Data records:
....................
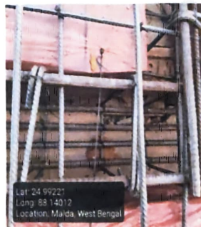
Roof Beam Mid Span Top Support Image
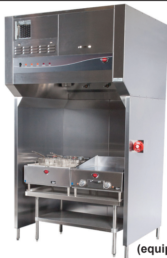
Model WVU-48 (equipment sold separately)
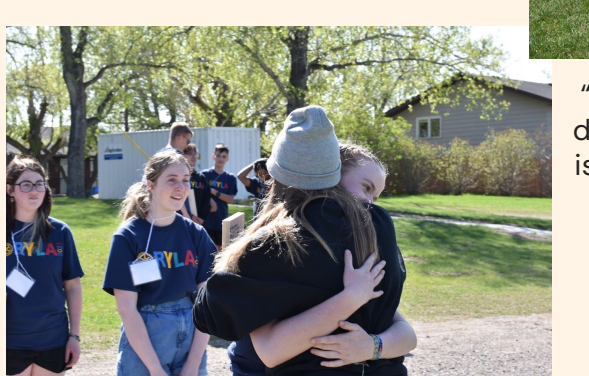
"Go. You'll create memories you'll never forget."

"RYLA is life changing and the moment you step in when you attend, you won't want to leave. It is such a journey in such limited days. But the friends you make, the lessons you learn and the growth you will take, will be the most amazing experience you will ever have in your life. The counsellors and people you meet will forever be your family in RYLA."
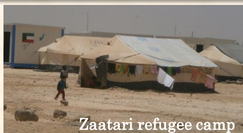
Zaatari refugee camp

Japan provides Emergency Grant Aid for the governments of affected countries or international and other organizations (including Red Cross and Red Crescent Societies), with a view to providing urgent support for refugees, internally displaced persons (IDPs), or people affected by natural disasters and/or conflicts.
....................
Goal of the exercise: No pictures belong in the copy. Transcribe every entry exactly.

Result:
Roof Beam Mid Span Top Support Image
Model WVU-48 (equipment sold separately)
"Go. You'll create memories you'll never forget."

"RYLA is life changing and the moment you step in when you attend, you won't want to leave. It is such a journey in such limited days. But the friends you make, the lessons you learn and the growth you will take, will be the most amazing experience you will ever have in your life. The counsellors and people you meet will forever be your family in RYLA."
Zaatari refugee camp

Japan provides Emergency Grant Aid for the governments of affected countries or international and other organizations (including Red Cross and Red Crescent Societies), with a view to providing urgent support for refugees, internally displaced persons (IDPs), or people affected by natural disasters and/or conflicts.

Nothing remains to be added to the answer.